Question: The radius of a metal sphere at room temperature \[T\] is \[\;R\], and the coefficient of linear exp...

Question

The radius of a metal sphere at room temperature $T$ is $\;R$ , and the coefficient of linear expansion of the metal is $\alpha$ . The sphere is heated a little by a temperature $\Delta T$ so that its new temperature is $\left( {T + \Delta T} \right).\;$ the increase in the volume of the sphere is approximate:

A. $2\pi R\alpha T$
B. ${\pi ^2}R\alpha T$
C. $4\pi {R^3}\alpha \Delta T/3$
D. $4\pi {R^3}\alpha \Delta T$

Answer 1

Solution

Thermal expansion is defined as the tendency of matter to change its shape, area, or volume in response to a change in temperature. This expansion occurs when the substance is heated up. When we heat the substance the particles inside it vibrate faster which creates more space in between the particles. This results in the expansion of the substance.

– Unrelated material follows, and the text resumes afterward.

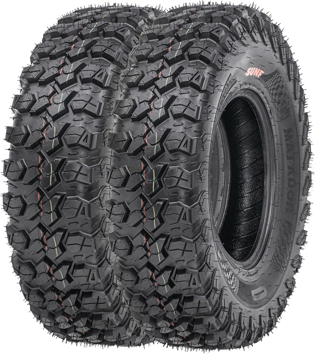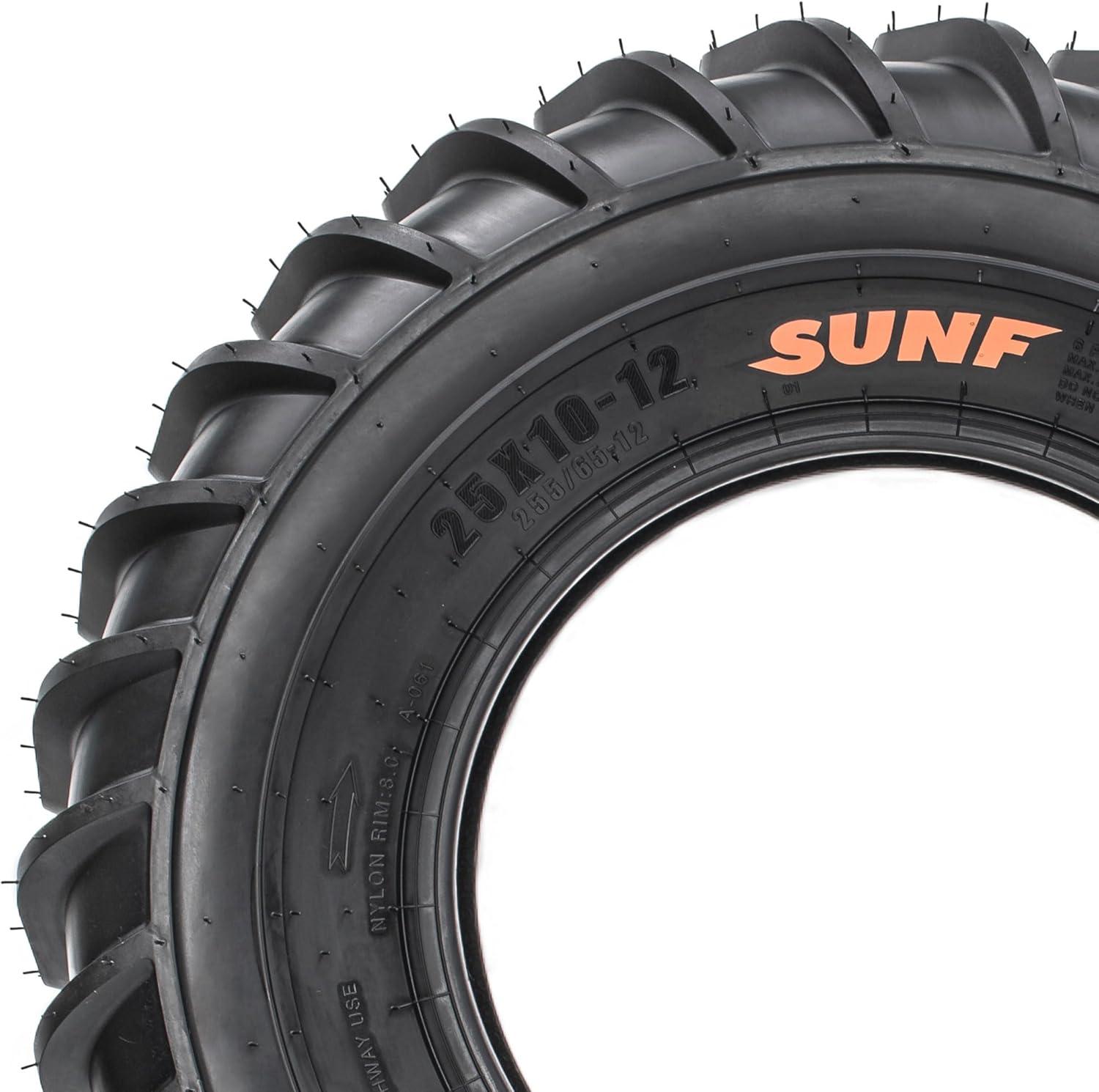 SunF Corporation has dedicated themselves to meeting their customer’s demands and needs. SunF develops and manufactures a wide variety of quality tires in the specialty market. Their line up includes ST trailer, lawn and garden, agriculture, golf cart, ATV Quad Motorcycle, UTV Side by Side, light truck & more!The SUNF A061 tire features a specialized directional paddle-style tread pattern designed for aggressive all-terrain performance in recreational riding or racing.Exceptional Traction: With its paddle-style design, this tire delivers outstanding traction in sand, mud, and other challenging terrains, making it ideal for riders seeking maximum grip.Durable 6-Ply Construction: Built with a robust 6-ply construction, the A061 tire is constructed to be tough and durable, able to withstand the rigors of aggressive riding and racing.Versatile Use: Whether you're hitting the dunes, navigating muddy trails, or racing off-road, the A061 tire is engineered to excel in a variety of terrains and applications.Expanding Size Range: While currently available in 25 inches, SUNF plans to introduce more sizes in the future, ensuring that this tire can accommodate a wide range of ATV, UTV, and SxS models for various recreational and racing setups.Size 1: 25×8-12 | Size 2: 25×10-12

Complete step by step solution:
Given a three-dimensional body. Let the body be the metal sphere. The body has room temperature $T$ and volume $V$ . Its radius at the room temperature $T$ is $R$ .
When we heat a three-dimensional body its volume increases. This is caused by thermal expansion as we already said.
Given that we have increased the temperature by $T + \Delta T$ . Also given that the coefficient of linear expansion of the metal is $\alpha$ .
The volumetric thermal expansion is given as,
${\alpha _{\text{V}}} = \dfrac{1}{{\text{V}}}\dfrac{{{\text{dV}}}}{{{\text{dT}}}}$
Here, $\alpha$ is the coefficient of thermal expansion with respect to volume.
${\text{V}}$ is the volume of the material
$\dfrac{{{\text{dV}}}}{{{\text{dT}}}}$ is the rate of change of volume with respect to temperature.
Similar to volume expansion we also have a linear expansion that applies to one dimension bodies.
Coefficient of Linear expansion= $\alpha$
Coefficient of Volume expansion= $3\alpha$
We can substitute the formula for the coefficient of thermal expansion with respect to volume from above. So we get,
$\dfrac{1}{{\text{V}}}\dfrac{{{\text{dV}}}}{{{\text{dT}}}} = 3\alpha$
We need to find only the volume change ${\text{dV}}$ . Therefore rearranging the above equation,
${\text{dV = }}3{\text{V}}\alpha {\text{dT}}$
We know the volume of the sphere, ${\text{V}}$ = $\dfrac{4}{3}\pi {R^3}\alpha {\text{dT}}$
Also change in the temperature is given as ${\text{dT}}$ = $\Delta T$
Therefore,
${\text{dV}} = 4\pi {R^3}\alpha \Delta T$
Hence the correct option is D.

Note:
Generally, the coefficient of volume expansion is givens as,
${\alpha _{\text{V}}} = \dfrac{1}{{\text{V}}}{(\dfrac{{\partial {\text{V}}}}{{\partial {\text{T}}}})_{\text{p}}}$
The subscript $p$ indicates that the pressure is held constant during the expansion. In the case of a gas, keeping pressure constant is important, as the volume of a gas will vary appreciably with pressure as well as with temperature. But in the above case, we didn’t consider pressure. Because in solids we can ignore the effects of the pressure of the material.